DATA FOR PROCESSING section start
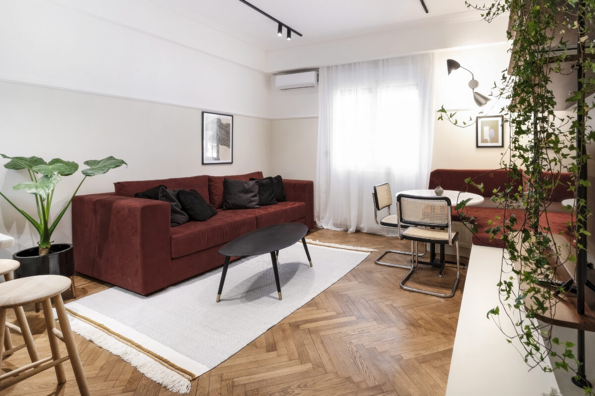 Όσο αφορά στην επίπλωση, αυτή καθρεφτίζει μέχρι ένα σημείο και το ίδιο το κτήριο της Διδότου, οι σχεδιαστικές αναφορές του οποίου αποτέλεσαν βασικό άξονα της αισθητικής προσέγγισης καθορίζοντας τις υφές, τα υλικά, τη χρωματική παλέτα, τα σχήματα και τις γεωμετρίες εντός του χώρου. Έτσι, οι τοίχοι βάφτηκαν σε τόνους του λευκού, ενώ την παράσταση κλέβει ο μεγάλος μπορντό καναπές του σαλονιού. Το ίδιο μπορντό χρώμα συναντάμε και στο κάθισμα που βρίσκεται στην τραπεζαρία. Από τα πιο ιδιαίτερα στοιχεία του χώρου, είναι τα μεγάλα φυτά που έχουν μπει σε συγκεκριμένα σημεία για να χαρίζουν ζωντάνια.
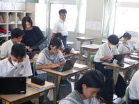 第2学年の数学では、多角形の内角の和を求める方法を学習しました。生徒は端末機(クロムブック)でデジタル教科書を活用しながら、いろいろな多角形の内角の和を調べていました。多角形をいくつかの三角形に分け、三角形の内角の和と多角形の内角の和にどのような関係があるのかを考える授業でした。n角形の内角の和を文字式で表す公式を利用することで、手早く問題が解けることに意欲・関心を持ち、練習問題に取り組んでいました。
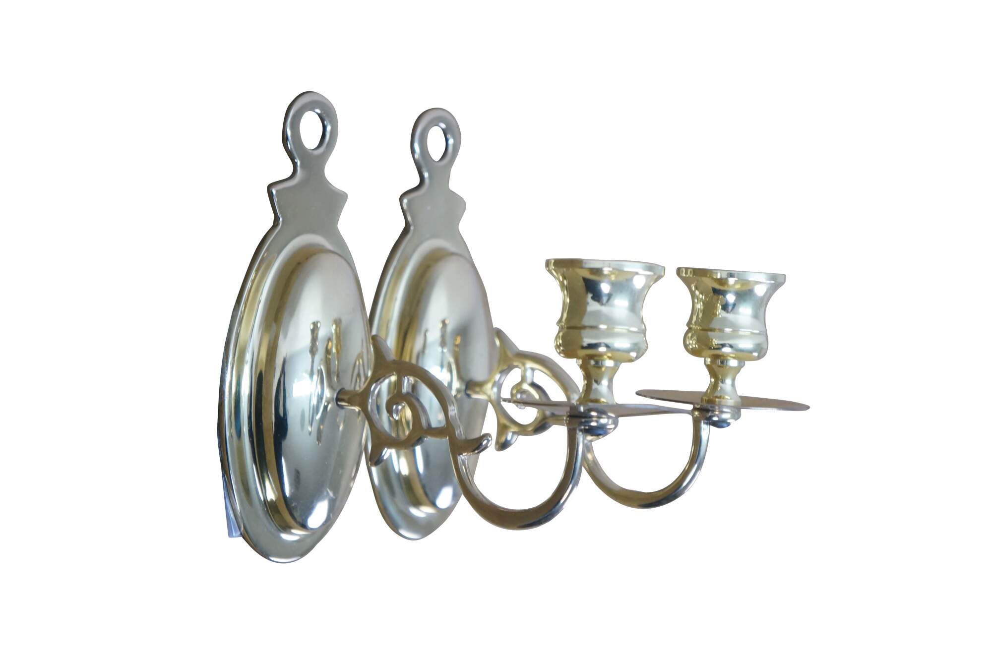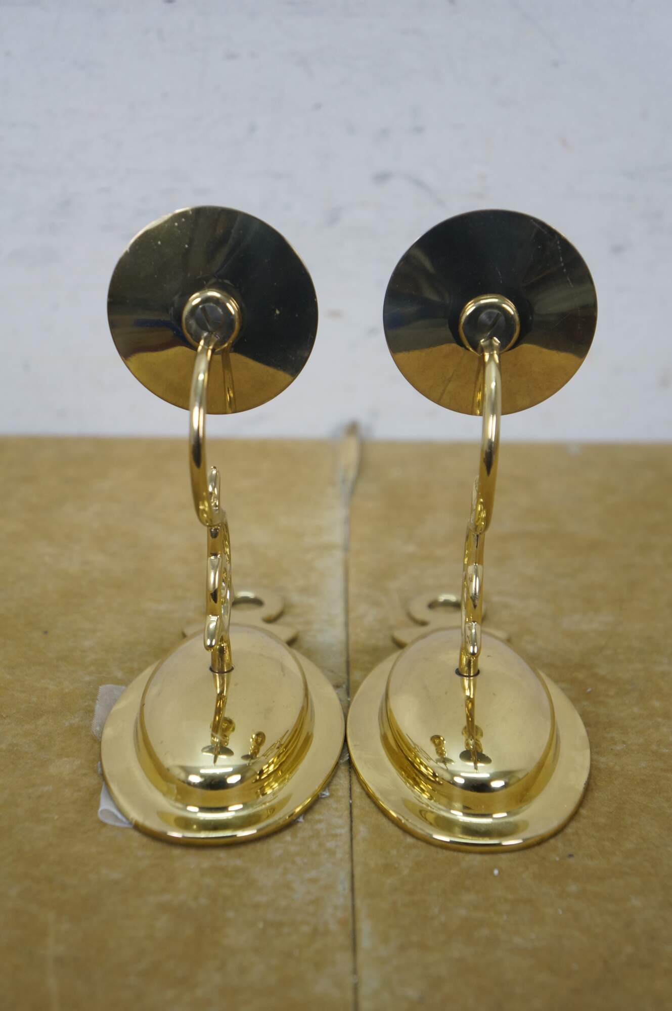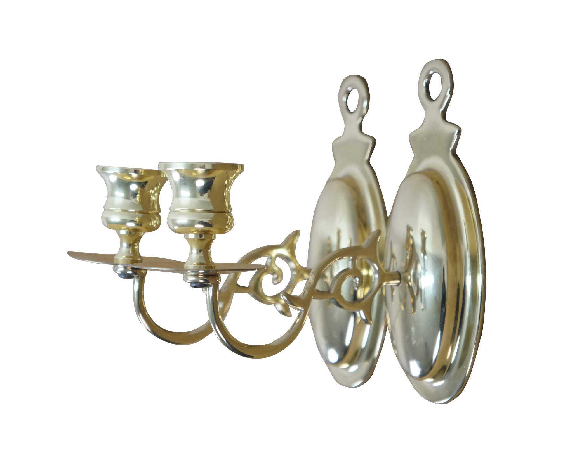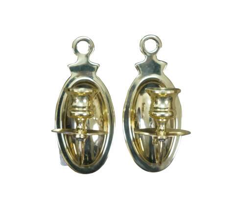 Pair of vintage brightly polished lacquered brass wall hanging single taper candle sconces. Early American / Colonial styling featuring an oval backplate, scrolled arm and simple candle cups with drip plate.
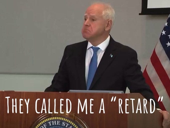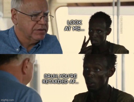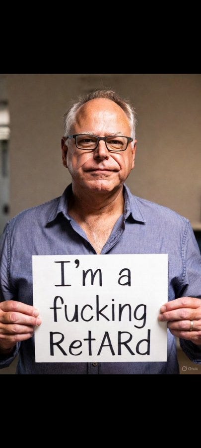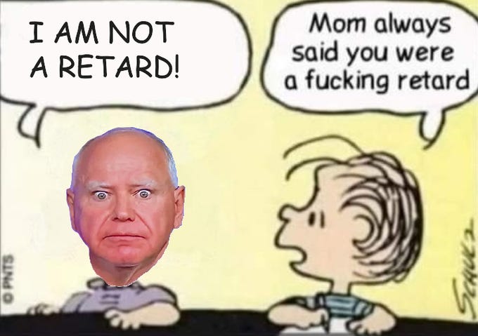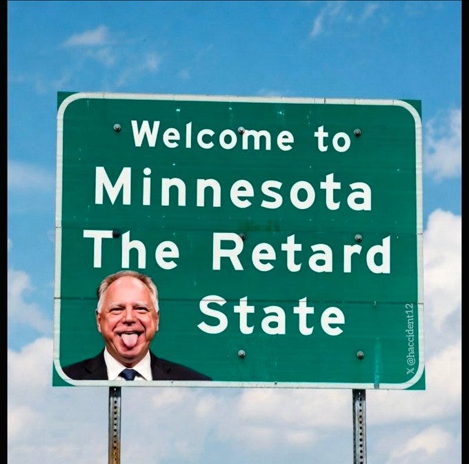 Scammed by people with an average IQ of 68, Minesota (the retard state), don't even think about driving by his house & calling him retarded (he's mad about that already) & more retard Tim Walz memes!
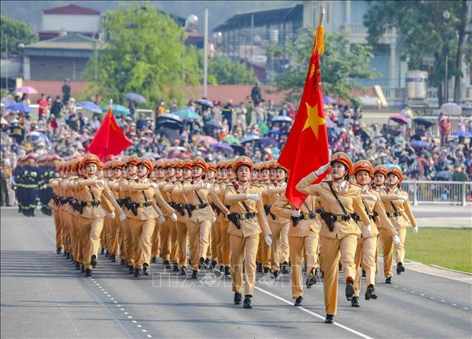 Ngoài các khối Quân đội đã tiến hành hợp luyện lần đầu tại Điện Biên vào sáng 26/4, trong sáng nay, nhiều khối diễu binh, diễu hành mới của lực lượng Công an đã chính thức xuất hiện như: Khối nữ chiến sỹ Cảnh sát đặc nhiệm; Khối Cảnh sát cơ động Kỵ binh; Khối nữ sĩ quan Cảnh sát giao thông...
DATA FOR PROCESSING section end
** WHAT YOU SHOULD DO **
Your reply should consist solely of the lines above from the line containing "第2学年の数学では、多角形の" up to and including the line containing "Pair of vintage", reproduced exactly, minus the pictures.

** EXERCISE SOLUTION **
 第2学年の数学では、多角形の内角の和を求める方法を学習しました。生徒は端末機(クロムブック)でデジタル教科書を活用しながら、いろいろな多角形の内角の和を調べていました。多角形をいくつかの三角形に分け、三角形の内角の和と多角形の内角の和にどのような関係があるのかを考える授業でした。n角形の内角の和を文字式で表す公式を利用することで、手早く問題が解けることに意欲・関心を持ち、練習問題に取り組んでいました。
 Pair of vintage brightly polished lacquered brass wall hanging single taper candle sconces. Early American / Colonial styling featuring an oval backplate, scrolled arm and simple candle cups with drip plate.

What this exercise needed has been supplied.